Abstract

The high power deep ultraviolet (DUV) laser output with a good beam quality and high conversion efficiency produced using CLBO crystals. The DUV lasers have important applications in fields such as laser processing and semiconductor photolithography because of their high photon energy. A DUV laser source must have both a high output power and good beam quality for laser machining. Sum – frequency generation (SFG) in nonlinear optical crystals can be used in a DUV laser to produce shorter and even vacuum ultraviolet wavelengths such as 193 nm.

The CLBO crystal boasts several advantages, including low walk-off effect, the ability to grow into large blocks, and a relatively high effective nonlinear coefficient in the deep ultraviolet region. These characteristics make it suitable for generating high-power, high-beam-quality solid-state deep ultraviolet lasers. However, CLBO crystals are prone to deliquescence, which limits the output of deep ultraviolet lasers.

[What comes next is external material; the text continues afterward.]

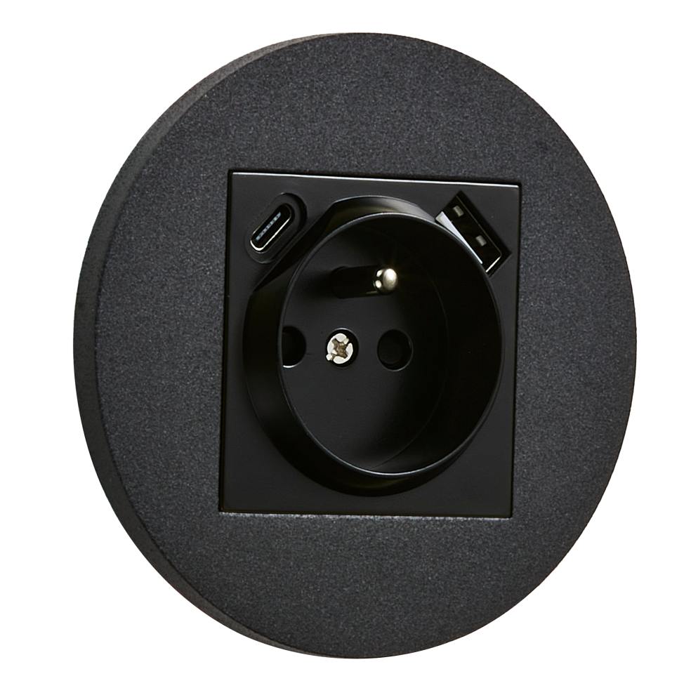 Gniazdo z bolcem podtynkowe okrągłe metalowe + USB+USBC TOGGLICA ROUND czarny mat

CLBO crystal for 266 nm lasers

The system described utilizes a solid-state 532 nm laser as the fundamental frequency pump source, with a pulse width of 2.7 ns and a repetition rate of 100 kHz, delivering a maximum output power of approximately 35 W, and an M² beam quality factor of ~1.5. Control over the pump power is achieved through a combination of a half-wave plate (HWP) and a polarizing beam splitter (PBS).

Adjustment of the pump beam diameter is facilitated by using a plano-convex lens (L1) with a focal length of f=200 mm and a plano-concave lens (L2) with a focal length of f=-100 mm.

The CLBO crystal, sized 5 mm × 5 mm × 20 mm, with a cut angle (θ) of 61.7°, has both of its optical faces polished but remains uncoated. Due to its susceptibility to deliquescence, the crystal is heated to above 150°C and placed in an inert gas environment. Placing the CLBO crystal on a rotating translation stage enables adjustment of the fundamental frequency incident angle within the horizontal plane to achieve phase matching.

To prevent damage to the beam splitter components, an uncoated calcium fluoride (CaF₂) prism is used to spatially separate the generated 266 nm laser from the 532 nm pump light.